More recently, StartEngine made a coup, joining forces with one of the most influential investors in the form of Shark Tank’s “Mr. Wonderful” Kevin O’Leary, as reported by Crowdfund Insider.

Crowdfund Insider, the online authority for all things crowdfunding, recently did an exclusive Q&A with Howard, touching on the new deal with Mr. Wonderful, his business and the future of crowdfunding.

Here’s what he had to say.

Challenges of crowdfunding…

One of the biggest challenges we face as a company is that equity crowdfunding is not well understood by the general public. If you walk down the street and ask a stranger if they know what equity crowdfunding is, odds are they say they’ve never heard of it before.

Doing a deal with Mr. Wonderful…

Over the past few years, we’ve had several Shark Tank alumni raise capital on StartEngine, and we eventually got connected to Kevin. When we learned that he had been following the equity crowdfunding space for a few years and wanted to help inform others about the opportunities for raising capital using equity crowdfunding, it was an easy decision to form a partnership with him.

Mr. Wonderful’s role…

Kevin O’Leary is StartEngine’s strategic advisor and a StartEngine shareholder. His focus will be on creating more awareness about StartEngine and equity crowdfunding in general. Kevin believes in the equity crowdfunding model and our business and is helping to spread the word. He is even encouraging the companies in his own portfolio to use StartEngine for their next funding round.

Deal flow during the COVID-19…

Our entire team is operating remotely and staying safe during the pandemic, and our business itself is thriving. We’ve seen a good increase over the last 30 days in the companies applying to raise on StartEngine.

From both the company and investor side, StartEngine’s business has proven to be resilient to the uncertainty caused by COVID-19.

On the SEC and raising the cap for what startups can raise…

We support the changes wholeheartedly. It’s clear that $1.07M is too low a ceiling for Regulation Crowdfunding [Reg CF], given the average size of seed funding rounds today, and it’s time that we increase the limit to help small businesses achieve their goals.

In fact, we encouraged all 10,000+ of our shareholders to write letters to the SEC a month ago to encourage them to increase the limit of Regulation Crowdfunding from $1.07M to $5M to help small businesses today when they desperately need access to capital.

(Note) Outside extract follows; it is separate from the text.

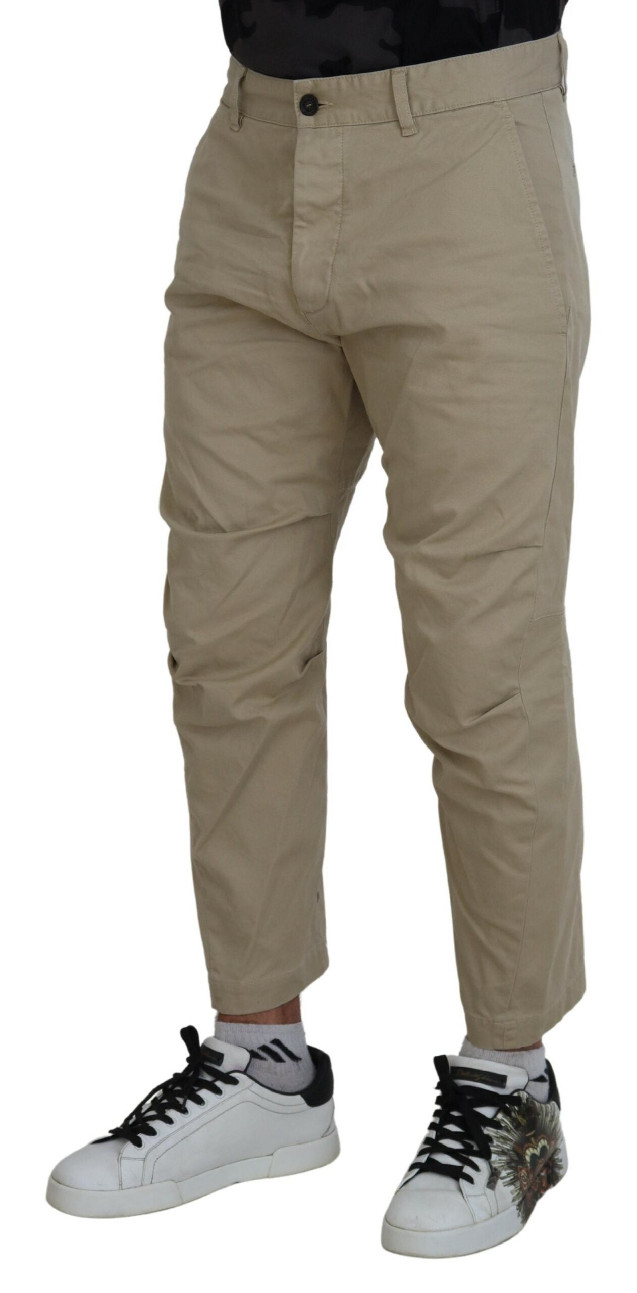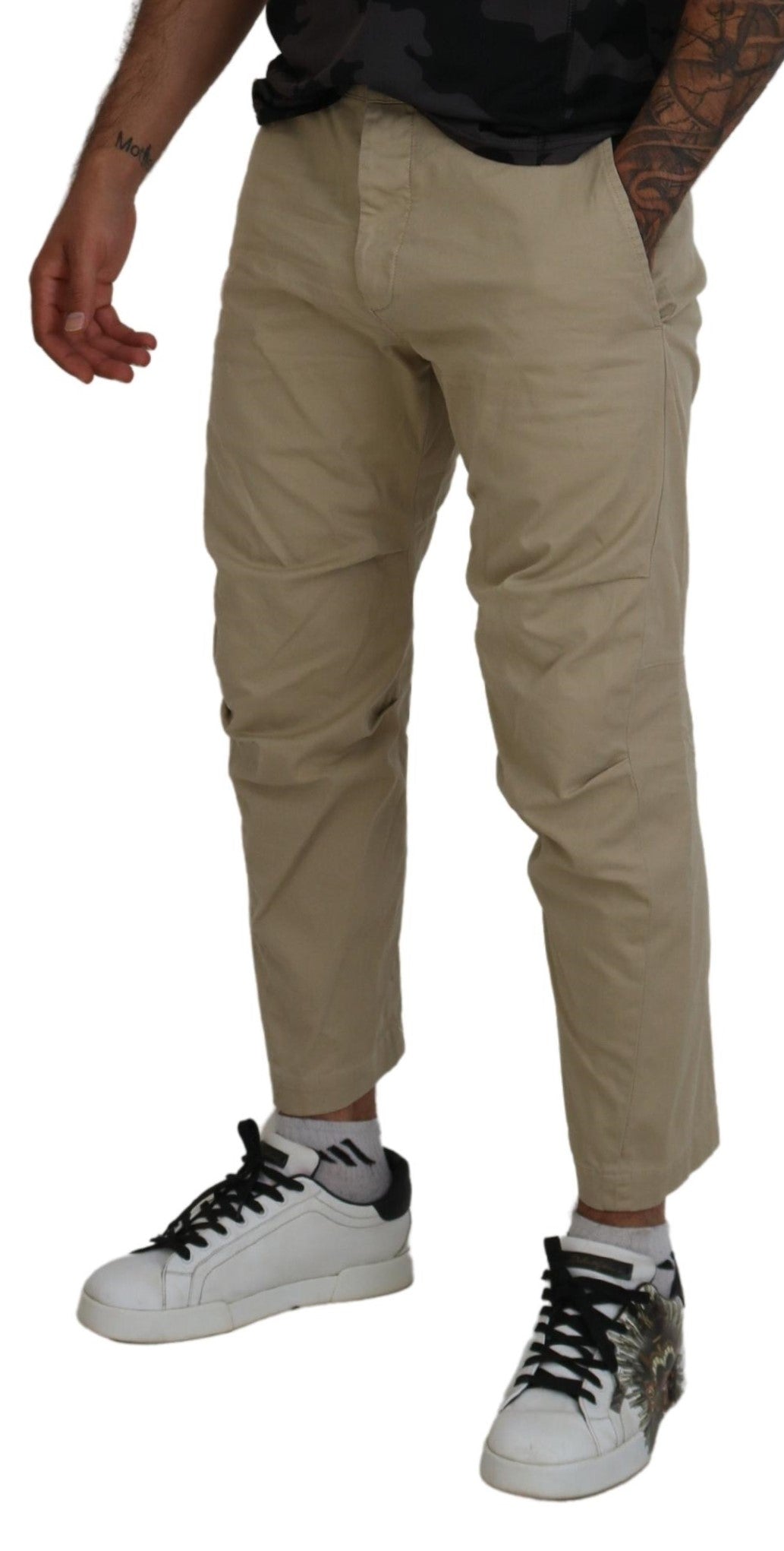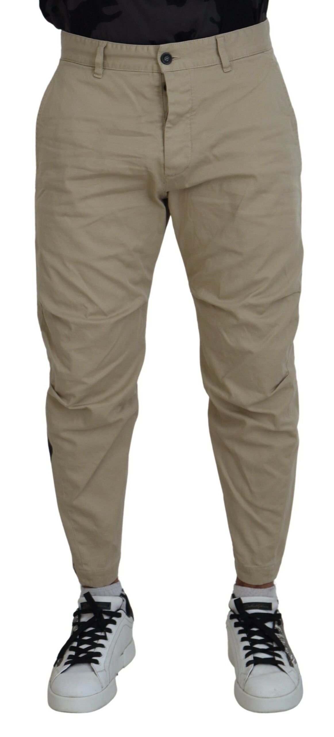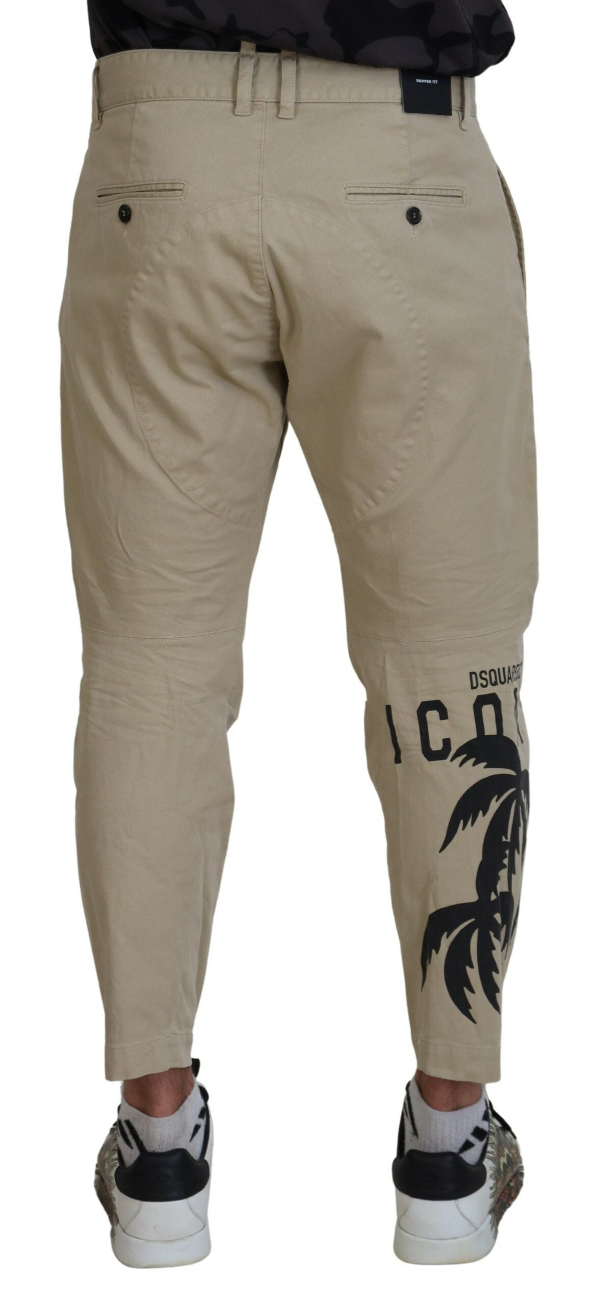 Dsquared² Beige Cotton Printed Leg Men Casual Pants
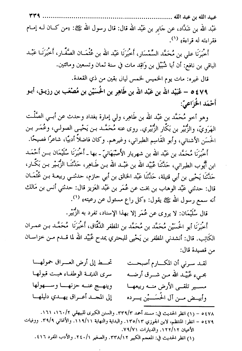 5479 عبيد اللَّه بْن عَبْد اللَّهِ بْن طاهر بْن الحسين بن مصعب بن رزيق، أبو أحمد الخزاعي [2] :

Accredited investors vs. non-accredited investors…

Howard Marks: Our business, and the business of equity crowdfunding, is bringing investment opportunities to non-accredited investors. We do not focus on accredited investors. An expanded definition may encourage those new accredited investors to feel more confident making investments on our platform, as well as increase the amount they can invest in a given year, which would be beneficial to the investing space. However, I don’t believe this would have a large impact on equity crowdfunding.

On changes he wants to see…

Howard Marks: The change we are most excited about at StartEngine is the proposal to increase the limit of Regulation Crowdfunding from $1.07M to $5M. Of all of the proposed changes, I believe that one will have the biggest impact for small businesses and will encourage more entrepreneurs to turn to equity crowdfunding.